Russia sentences opposition collaborator Alexei Navalny to prison

MOSCOW, RUSSIA — An associate of the imprisoned Russian opposition leader Alexei Navalny was sentenced on Friday to nine years in prison, the latest episode in the Kremlin’s relentless crackdown on dissent.

Ksenia Fadeyeva, a regional lawmaker who ran the branch of Navalny’s organization in the Siberian city of Tomsk, was convicted on charges of organizing an extremist group. Her lawyers said they will appeal her ruling, alleging that Fadeyeva had disassociated herself from Navalny’s organization before authorities classified her as an extremist in 2021.

Navalny’s spokesperson, Kira Yarmysh, praised Fadeyeva as “honest and brave” and indicated in a message on X, formerly Twitter, that those who fabricated the criminal case against her will end up receiving their punishment.

Navalny, Russian President Vladimir Putin’s most prominent enemy, is serving a 19-year prison sentence for extremism. At the beginning of the month he was missing for several weeks.
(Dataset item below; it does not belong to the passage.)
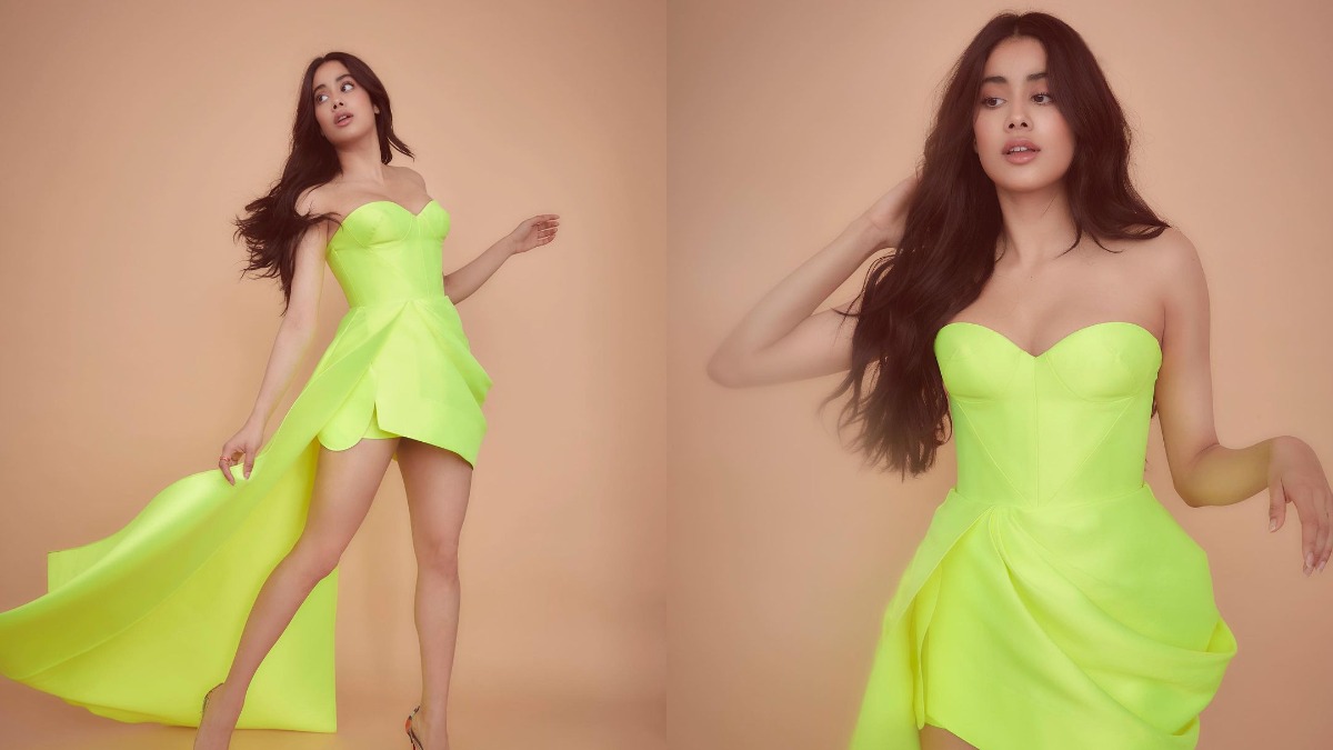 Raising fashion goals, Bollywood star Janhvi Kapoor on Tuesday treated fans to stunning pictures in a neon green ensemble. The 'Gunjan Saxena: The Kargil Girl' actor hopped on to Instagram and shared snaps from a recent photo-shoot. In the pictures, the actor is seen striking a candid pose, while she looks off the camera. With her luscious locks open, the actor personified beauty in a designer mini neon dress that had an attached flair at the back.
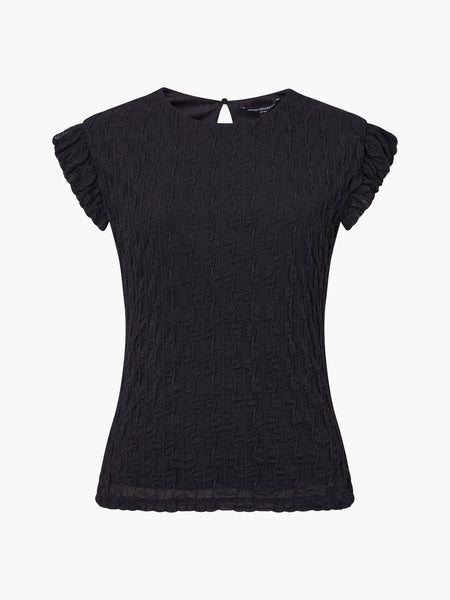 Our Wanda Textured Jersey Peplum Top is here to top up your wardrobe with a touch of texture. This chic black top features a textured overlay, complimented by frill cap sleeves and a flattering subtle peplum hem.

His lawyers announced Monday that he had been moved from a prison in central Russia to a remote colonial penal colony in the Arctic known for its harsh conditions.

The opponent has been behind bars since January 2021, when he returned to Moscow after recovering in Germany from poisoning with a nerve agent for which he blamed the Kremlin. Before his arrest, he campaigned against institutional corruption and organized massive protests against the Kremlin.

A Moscow court banned Navalny Anti-Corruption Foundation and some 40 regional offices as extremists in June 2021, closing his political network and forcing many of his closest collaborators and team members to leave Russia. Those who remained faced judicial proceedings.

Fadeyeva’s case is the latest in a series of convictions of regional activists linked to Navalny’s work.

Lilia Chanysheva, who ran Navalny’s headquarters in the central Russian city of Ufa, was sentenced to seven and a half years in prison on similar charges in June, and Vadim Ostanin, who previously ran Navalny’s office in the city from Barnaul, in southern Siberia, received a 9-year prison sentence in July on charges of organizing an extremist community.

And in October, authorities detained three lawyers representing Navalny in what his associates described as part of the Kremlin’s efforts to completely isolate him.

Navalny associate Leonid Volkov has said he pressured Fadeyeva to leave Russia amid the crackdown, but she refused, citing her obligations to voters. She has been in custody since her arrest in November.